Pour P. Rey, la théorie de la justice rawlsienne inspire des politiques supposées justes, mais qui par le biais du marché, ont des effets inégalitaires encore plus grands que le mode « traditionnel » d'accès aux ressources naturelles. Pourtant, dans le premier numéro de Justice Spatiale-Spatial Justice, B. Bret partait du besoin d'une théorie universelle de la justice qui permettrait de qualifier moralement les faits sociaux (Bret, 2009), et affirmait que la théorie de la justice de J. Rawls remplit ce rôle. Mais ici, pour P. Rey, si la théorie de J. Rawls permet de comprendre le caractère inique d'une organisation sociale et politique, celle de Guinée maritime, cela ne suffit pas pourtant à la condamner moralement. Il justifie cette position par différents arguments : le fait que cette société soit consensuelle (ce à quoi B. Bret répond que ce n'est pas parce qu'un ordre social n'est pas contesté qu'il est bon) ; et surtout le fait que cette société ait de « bonnes pratiques environnementales ». Ce dernier argument prend chez P. Rey de la valeur dans un contexte africain où les systèmes locaux ont longtemps été considérés comme inaptes à gérer les ressources naturelles. En défendant la gestion de l'environnement par les sociétés guinéennes, P. Rey réhabilite aussi la société locale, parce qu'elle est la société dominée, et celle qui résiste, contre un système de domination historique colonial et postcolonial.

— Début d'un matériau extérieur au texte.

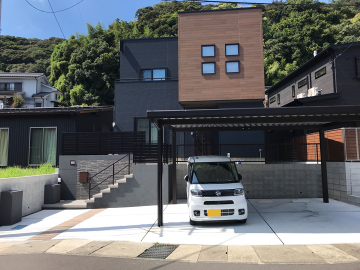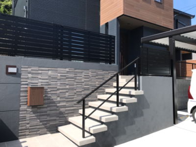 駐車場から玄関までの階段を張り出しにすることでおしゃれに見えます。
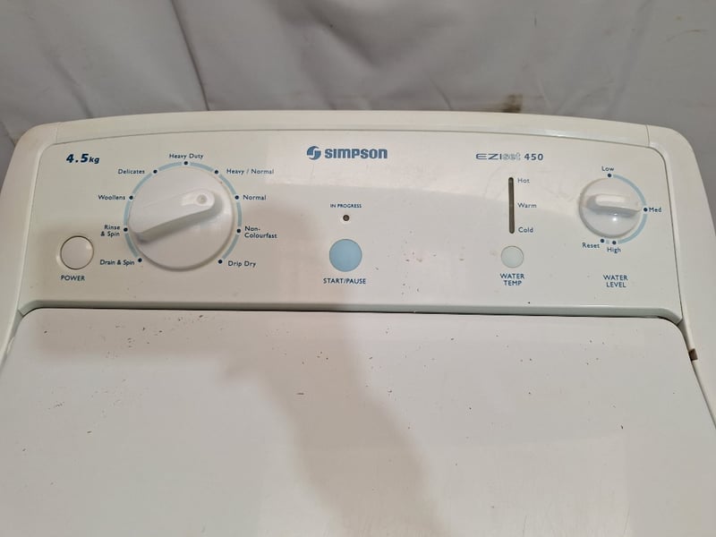 Simpson EziSet 450 Top-load Washing Machine Dimensions H:100cm W:58cm D:60cm
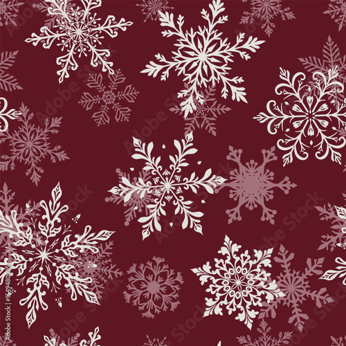 Christmas seamless pattern with two layers of large intricate snowflakes in various designs, white on red background.
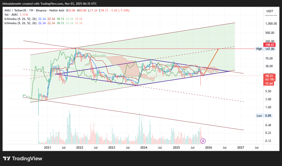 در نموار بلند مدت avaxusdt یک الگوی الماس صعودی شکل گرفته که یک الگوی تغییر روند بسیار قوی هست. در صورتی که سطح مقاومت 33 دلار شکسته بشه تارگت نهایی طبق این الگو محدوده 150 دلار هست.
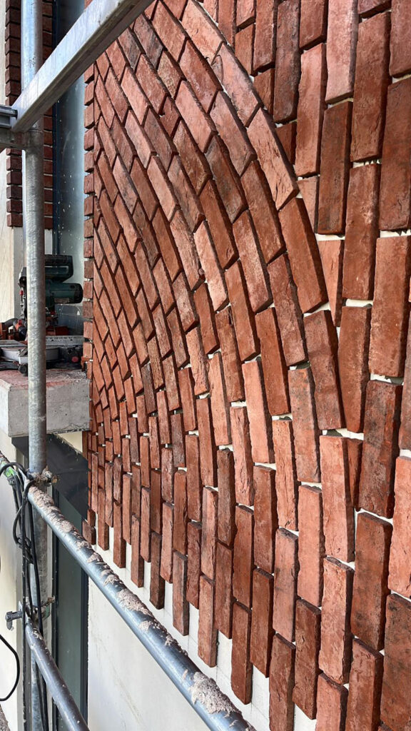Fasády jsou tvořeny pestrou škálou povrchových úprav a jejich kombinací, především ale cihelnými obkladovými pásky. po několika fázích vzorování byly vybrány dva odstíny cihlových obkladů terca výrobce Wienerberger v atypickém formátu s tloušťkou 18 mm z důvodu snížení zatížení systému ETICS. jedná se o cihlové obkladové pásky Terca OPUS a Terca Pastorale ve formátu 216 × 65 mm, které jsou použité v kombinaci se spárovací hmotou v barvě přírodní bílá a antracitová. Na části fasády byly dále použity tmavé obkladové pásky Terca Agora grafietzwaart. Cihelný obklad realizovala společnost MC Stone.
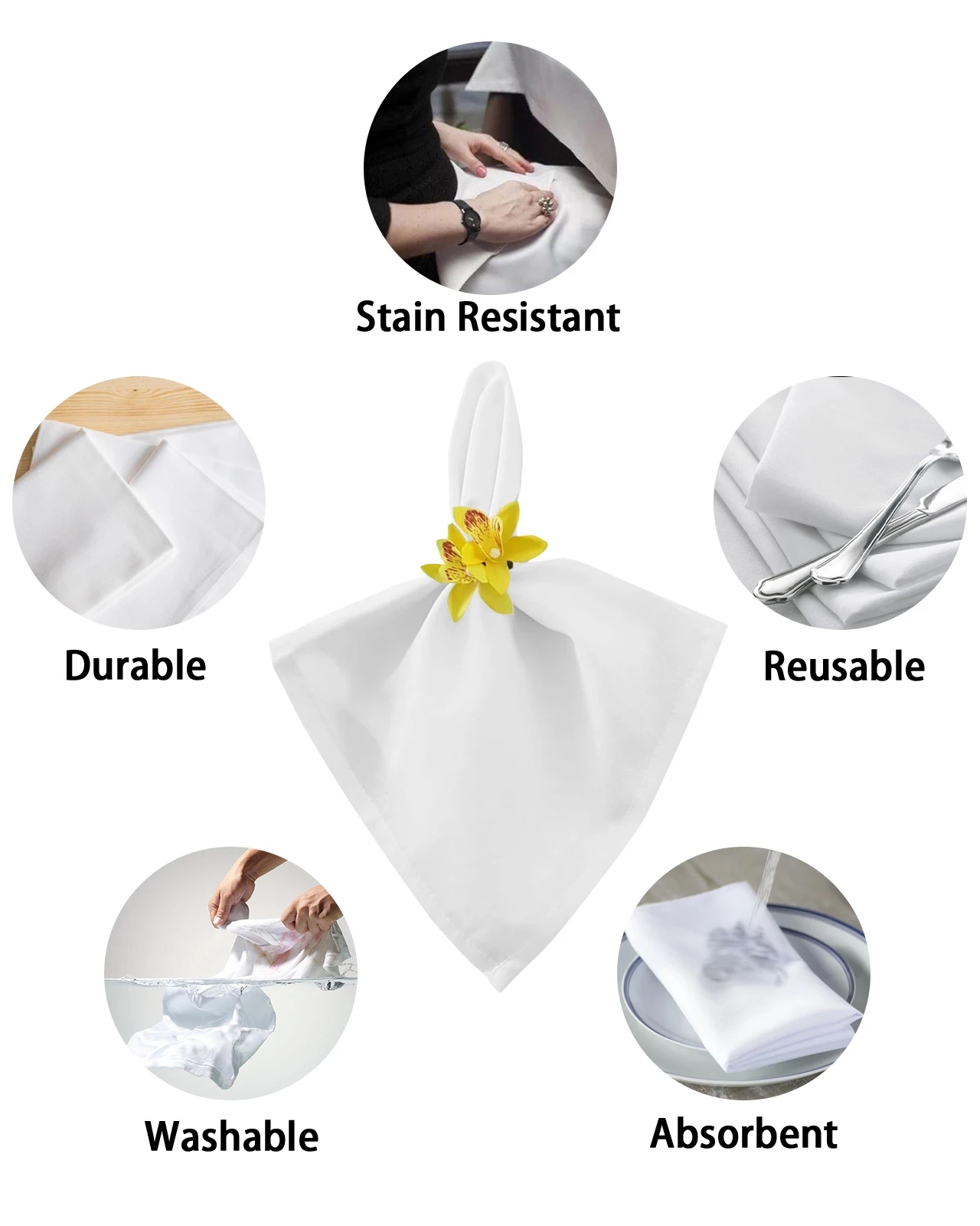 Widespread Use: It is suitable for many formal occasions, such as wedding banquet, dinner, conference, celebration, ceremony, all kinds of parties, etc.; And it can be used as a decoration and common tool for hotel, family restaurant, kitchen;
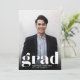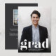 Einfache und moderne Ankündigung von Foto Abschluss mit einem minimalistischen Gefühl zeigt "grad" am unteren Ende, mit dem Namen und Schule Ihres Absolventen unter, und ihr Abschluss Jahr arbeitete in das Design. Ideal für Abschluss mit High School, Uni oder fortgeschrittenem Abschluss. Fügen Sie der Rückseite eine persönliche Nachricht und ein zusätzliches Foto hinzu.
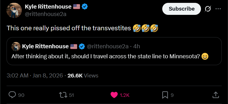 We need to talk about us being a quick and easy rhetorical tool for chudpublicans. We didn't even do anything in this situation and this chuddie murderer hero is invoking us to score easy points. A couple of years ago you would get banned and fined for talking like this. What happened?
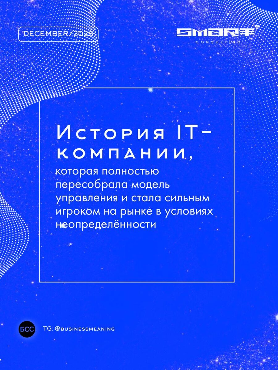 Smart Consulting – один из самых интересных кейсов самоуправления в российском IT. Пять лет назад команда отказалась от должностей, начальников и отделов – и построила собственную операционную систему Смартократию. Результат? Компания стала устойчивой к кризисам, увеличила скорости и стала технологичнее, чем когда-либо. Вот лишь несколько фактов: • 84% сотрудников предлагают инициативы по улучшениям в компании • 112 инициатив по улучшению правил работы команды реализовано за 10 месяцев этого года; • 10 млн рублей сэкономлено на операционных совещаниях за счёт новой культуры проведения встреч • процессы автоматизируются за счёт внедрения технологий искусственного интеллекта: цифровой двойник компании, ИИ-ассистенты, команда вайб-кодинга • в 2024 году компания восстановилась с 0 после масштабной кибератаки, и всё это вывозила команда, не основатель Смартократия – живая, адаптивная система, где каждый понимает свою роль и может влиять на будущее компании. И это не просто красивые с

For P. Rey, Rawls’s theory inspires policies which claim to be fair, but which are supposed to operate via the market and therefore have uneven and unfair effects greater than the « traditional » modes of access to natural resources. In the first issue of Justice spatiale -Spatial Justice, B. Bret pleaded for a universal theory of justice that would qualify morally social facts (Bret, 2009), and asserted that Rawls’s was likely to play this role. Yet for P. Rey, if Rawls’s theory allows us to understand the unfairness of a social and political organization, that of Maritime Guinea, it is not sufficient to condemn it morally. He argues this in various ways: first by stating that that this society is consensual (a point to which Bret B. responded that it is not because a social order is not contested that it is good), and secondly by showing that this society has « sound » environmental practices. This is particularly meaningful in an African context, where an assumption prevails that local systems are unfit to manage natural resources. In defending the environmental management of a Guinean community, P. Rey also takes sides with the local society, because it is a dominated society, which resists a system of historic colonial and post-colonial domination.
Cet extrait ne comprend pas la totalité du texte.